Are you really saying that you want to take your language and market it to the top? That's just not going to happen unless your Microsoft, Apple, etc. Unfortunately, you likely don't control enough of a necessary piece of the infrastructure to force people into your language.

Go down the TIOBE list and answer for yourself when each language was first developed, when it was production ready, when it caught on, and how much and what type of marketing was needed to put it in the top 50? I think you'll find promotion of the language itself was not very important to its success, but being ready for real use at the right time was.

(Is your language ready for production use?)

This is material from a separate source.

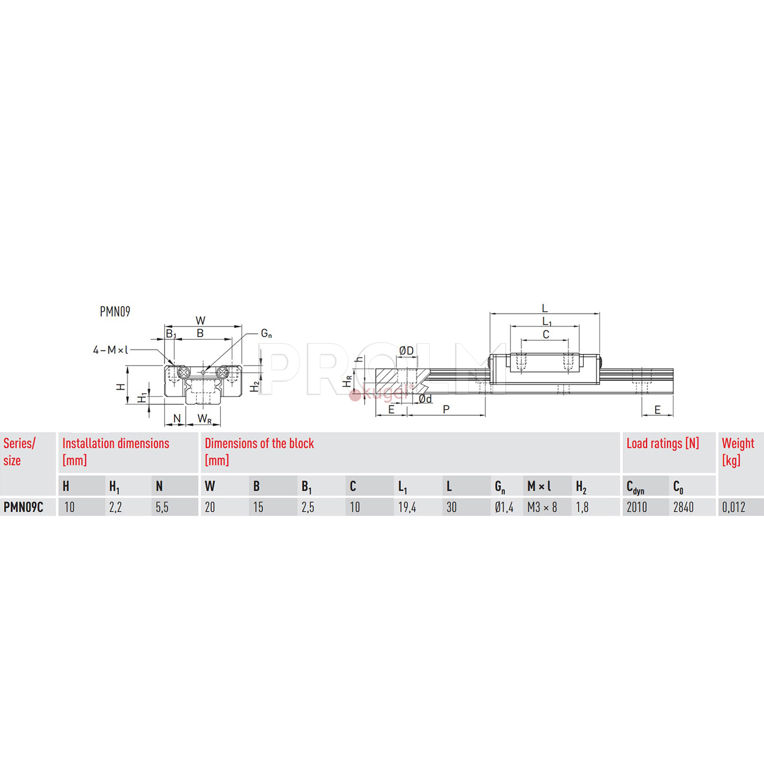 Каретка (также могут использоваться названия "блок системы линейного перемещения", "опорный блок", "направляющий блок", "танкетка", "линейный подшипник", "опорный подшипник" и прочие) HIWIN PMN9CZ0CM имеет следующие параметры:

If you aim to reach opensource developers (they are great components for a new language community) I could add to that nice list:

    9) Mailing list
    10) IRC channel
With convenient support.

But on a more abstract way... I think... just focus all your marketing in the stuff that makes your lang desirable, for users of currently available languages. From all the view points (technical, management, guarantees, etc).

Create really good documentation. With lots of examples.
you should read some papers and books about network effects, going viral and so on... you know in this world, only the lame stuff goes public and becomes widely popular, because the majority of people in this world are lames...
You did not include one iota of information about the "awesome new" language, let alone a link to it. If you have that little interest in this alleged language, I do not think the word awesome means what you think it means. But I think it just does not exist.